Material provided —
========================================

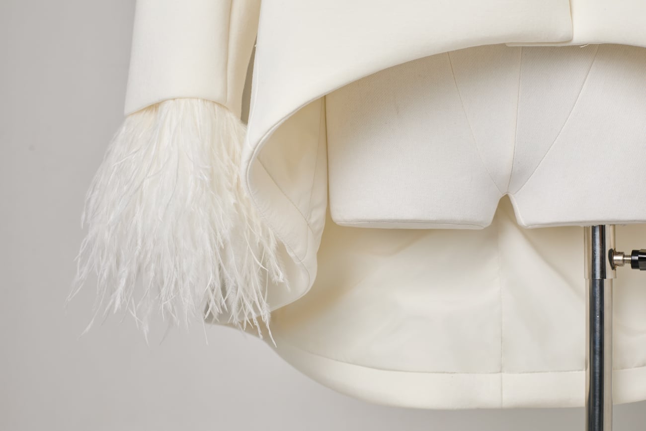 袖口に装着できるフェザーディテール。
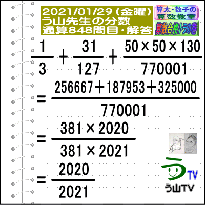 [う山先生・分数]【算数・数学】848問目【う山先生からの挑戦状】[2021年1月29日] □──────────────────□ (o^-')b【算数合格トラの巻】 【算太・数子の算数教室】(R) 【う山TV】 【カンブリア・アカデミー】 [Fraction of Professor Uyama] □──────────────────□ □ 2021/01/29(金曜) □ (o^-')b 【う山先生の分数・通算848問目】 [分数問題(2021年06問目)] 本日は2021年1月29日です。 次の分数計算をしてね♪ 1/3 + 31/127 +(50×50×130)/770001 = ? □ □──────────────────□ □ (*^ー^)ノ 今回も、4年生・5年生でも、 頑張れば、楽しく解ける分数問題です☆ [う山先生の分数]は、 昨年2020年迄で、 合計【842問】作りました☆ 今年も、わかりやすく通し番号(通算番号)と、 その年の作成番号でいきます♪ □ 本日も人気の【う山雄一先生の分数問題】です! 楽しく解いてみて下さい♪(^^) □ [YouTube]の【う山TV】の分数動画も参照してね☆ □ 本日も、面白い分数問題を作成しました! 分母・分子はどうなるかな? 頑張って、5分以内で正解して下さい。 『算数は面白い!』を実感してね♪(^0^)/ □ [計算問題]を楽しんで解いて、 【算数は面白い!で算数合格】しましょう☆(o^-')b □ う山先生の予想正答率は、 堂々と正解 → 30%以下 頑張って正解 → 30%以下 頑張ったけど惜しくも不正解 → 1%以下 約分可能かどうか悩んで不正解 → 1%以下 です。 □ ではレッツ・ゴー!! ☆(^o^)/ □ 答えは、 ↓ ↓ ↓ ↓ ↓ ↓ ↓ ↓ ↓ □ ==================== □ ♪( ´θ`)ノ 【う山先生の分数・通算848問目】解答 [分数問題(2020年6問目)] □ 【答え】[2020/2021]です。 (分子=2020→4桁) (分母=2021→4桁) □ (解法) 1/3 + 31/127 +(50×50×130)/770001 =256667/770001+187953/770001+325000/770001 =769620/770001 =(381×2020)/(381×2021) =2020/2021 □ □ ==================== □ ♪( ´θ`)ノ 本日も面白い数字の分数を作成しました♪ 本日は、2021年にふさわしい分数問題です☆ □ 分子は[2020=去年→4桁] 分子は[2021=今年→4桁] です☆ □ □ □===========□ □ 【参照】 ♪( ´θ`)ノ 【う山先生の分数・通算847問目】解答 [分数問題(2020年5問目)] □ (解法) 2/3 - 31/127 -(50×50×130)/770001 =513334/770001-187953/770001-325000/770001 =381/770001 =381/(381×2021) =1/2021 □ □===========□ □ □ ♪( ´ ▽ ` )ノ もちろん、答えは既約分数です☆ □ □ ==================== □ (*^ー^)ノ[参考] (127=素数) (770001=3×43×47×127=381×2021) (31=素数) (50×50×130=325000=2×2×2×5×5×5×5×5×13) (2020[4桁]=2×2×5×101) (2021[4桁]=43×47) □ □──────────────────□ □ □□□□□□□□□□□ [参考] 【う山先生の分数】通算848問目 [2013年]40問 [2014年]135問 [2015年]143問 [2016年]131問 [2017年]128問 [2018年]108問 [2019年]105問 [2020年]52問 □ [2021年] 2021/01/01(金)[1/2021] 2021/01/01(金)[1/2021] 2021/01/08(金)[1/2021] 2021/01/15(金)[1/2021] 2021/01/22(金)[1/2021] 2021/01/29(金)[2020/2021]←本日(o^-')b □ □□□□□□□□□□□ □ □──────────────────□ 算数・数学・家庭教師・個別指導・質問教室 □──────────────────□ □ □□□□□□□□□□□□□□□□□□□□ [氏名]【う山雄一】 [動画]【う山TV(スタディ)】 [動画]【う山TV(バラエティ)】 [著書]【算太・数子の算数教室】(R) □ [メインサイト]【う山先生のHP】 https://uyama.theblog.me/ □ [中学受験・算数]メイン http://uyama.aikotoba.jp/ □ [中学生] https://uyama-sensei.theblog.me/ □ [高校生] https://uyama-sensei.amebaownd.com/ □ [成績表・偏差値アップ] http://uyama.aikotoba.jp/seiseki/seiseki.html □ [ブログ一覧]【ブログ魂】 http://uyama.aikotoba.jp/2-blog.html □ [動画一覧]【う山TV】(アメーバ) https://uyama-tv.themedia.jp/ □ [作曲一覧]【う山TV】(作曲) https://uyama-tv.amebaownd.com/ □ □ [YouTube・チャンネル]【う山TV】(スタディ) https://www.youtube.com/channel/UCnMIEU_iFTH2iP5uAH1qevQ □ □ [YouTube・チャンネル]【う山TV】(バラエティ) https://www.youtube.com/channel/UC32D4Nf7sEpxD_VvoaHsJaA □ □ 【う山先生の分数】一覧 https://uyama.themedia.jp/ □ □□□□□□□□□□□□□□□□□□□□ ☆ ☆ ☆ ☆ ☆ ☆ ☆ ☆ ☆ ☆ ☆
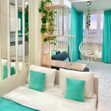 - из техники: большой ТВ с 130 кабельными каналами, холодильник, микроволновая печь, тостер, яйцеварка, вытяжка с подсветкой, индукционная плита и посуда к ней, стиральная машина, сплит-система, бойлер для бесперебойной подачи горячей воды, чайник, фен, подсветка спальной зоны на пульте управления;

========================================

What you are asked to do — Word for word, return the material, omitting the pictures.

Solution for this task —
 袖口に装着できるフェザーディテール。
 [う山先生・分数]【算数・数学】848問目【う山先生からの挑戦状】[2021年1月29日] □──────────────────□ (o^-')b【算数合格トラの巻】 【算太・数子の算数教室】(R) 【う山TV】 【カンブリア・アカデミー】 [Fraction of Professor Uyama] □──────────────────□ □ 2021/01/29(金曜) □ (o^-')b 【う山先生の分数・通算848問目】 [分数問題(2021年06問目)] 本日は2021年1月29日です。 次の分数計算をしてね♪ 1/3 + 31/127 +(50×50×130)/770001 = ? □ □──────────────────□ □ (*^ー^)ノ 今回も、4年生・5年生でも、 頑張れば、楽しく解ける分数問題です☆ [う山先生の分数]は、 昨年2020年迄で、 合計【842問】作りました☆ 今年も、わかりやすく通し番号(通算番号)と、 その年の作成番号でいきます♪ □ 本日も人気の【う山雄一先生の分数問題】です! 楽しく解いてみて下さい♪(^^) □ [YouTube]の【う山TV】の分数動画も参照してね☆ □ 本日も、面白い分数問題を作成しました! 分母・分子はどうなるかな? 頑張って、5分以内で正解して下さい。 『算数は面白い!』を実感してね♪(^0^)/ □ [計算問題]を楽しんで解いて、 【算数は面白い!で算数合格】しましょう☆(o^-')b □ う山先生の予想正答率は、 堂々と正解 → 30%以下 頑張って正解 → 30%以下 頑張ったけど惜しくも不正解 → 1%以下 約分可能かどうか悩んで不正解 → 1%以下 です。 □ ではレッツ・ゴー!! ☆(^o^)/ □ 答えは、 ↓ ↓ ↓ ↓ ↓ ↓ ↓ ↓ ↓ □ ==================== □ ♪( ´θ`)ノ 【う山先生の分数・通算848問目】解答 [分数問題(2020年6問目)] □ 【答え】[2020/2021]です。 (分子=2020→4桁) (分母=2021→4桁) □ (解法) 1/3 + 31/127 +(50×50×130)/770001 =256667/770001+187953/770001+325000/770001 =769620/770001 =(381×2020)/(381×2021) =2020/2021 □ □ ==================== □ ♪( ´θ`)ノ 本日も面白い数字の分数を作成しました♪ 本日は、2021年にふさわしい分数問題です☆ □ 分子は[2020=去年→4桁] 分子は[2021=今年→4桁] です☆ □ □ □===========□ □ 【参照】 ♪( ´θ`)ノ 【う山先生の分数・通算847問目】解答 [分数問題(2020年5問目)] □ (解法) 2/3 - 31/127 -(50×50×130)/770001 =513334/770001-187953/770001-325000/770001 =381/770001 =381/(381×2021) =1/2021 □ □===========□ □ □ ♪( ´ ▽ ` )ノ もちろん、答えは既約分数です☆ □ □ ==================== □ (*^ー^)ノ[参考] (127=素数) (770001=3×43×47×127=381×2021) (31=素数) (50×50×130=325000=2×2×2×5×5×5×5×5×13) (2020[4桁]=2×2×5×101) (2021[4桁]=43×47) □ □──────────────────□ □ □□□□□□□□□□□ [参考] 【う山先生の分数】通算848問目 [2013年]40問 [2014年]135問 [2015年]143問 [2016年]131問 [2017年]128問 [2018年]108問 [2019年]105問 [2020年]52問 □ [2021年] 2021/01/01(金)[1/2021] 2021/01/01(金)[1/2021] 2021/01/08(金)[1/2021] 2021/01/15(金)[1/2021] 2021/01/22(金)[1/2021] 2021/01/29(金)[2020/2021]←本日(o^-')b □ □□□□□□□□□□□ □ □──────────────────□ 算数・数学・家庭教師・個別指導・質問教室 □──────────────────□ □ □□□□□□□□□□□□□□□□□□□□ [氏名]【う山雄一】 [動画]【う山TV(スタディ)】 [動画]【う山TV(バラエティ)】 [著書]【算太・数子の算数教室】(R) □ [メインサイト]【う山先生のHP】 https://uyama.theblog.me/ □ [中学受験・算数]メイン http://uyama.aikotoba.jp/ □ [中学生] https://uyama-sensei.theblog.me/ □ [高校生] https://uyama-sensei.amebaownd.com/ □ [成績表・偏差値アップ] http://uyama.aikotoba.jp/seiseki/seiseki.html □ [ブログ一覧]【ブログ魂】 http://uyama.aikotoba.jp/2-blog.html □ [動画一覧]【う山TV】(アメーバ) https://uyama-tv.themedia.jp/ □ [作曲一覧]【う山TV】(作曲) https://uyama-tv.amebaownd.com/ □ □ [YouTube・チャンネル]【う山TV】(スタディ) https://www.youtube.com/channel/UCnMIEU_iFTH2iP5uAH1qevQ □ □ [YouTube・チャンネル]【う山TV】(バラエティ) https://www.youtube.com/channel/UC32D4Nf7sEpxD_VvoaHsJaA □ □ 【う山先生の分数】一覧 https://uyama.themedia.jp/ □ □□□□□□□□□□□□□□□□□□□□ ☆ ☆ ☆ ☆ ☆ ☆ ☆ ☆ ☆ ☆ ☆
 - из техники: большой ТВ с 130 кабельными каналами, холодильник, микроволновая печь, тостер, яйцеварка, вытяжка с подсветкой, индукционная плита и посуда к ней, стиральная машина, сплит-система, бойлер для бесперебойной подачи горячей воды, чайник, фен, подсветка спальной зоны на пульте управления;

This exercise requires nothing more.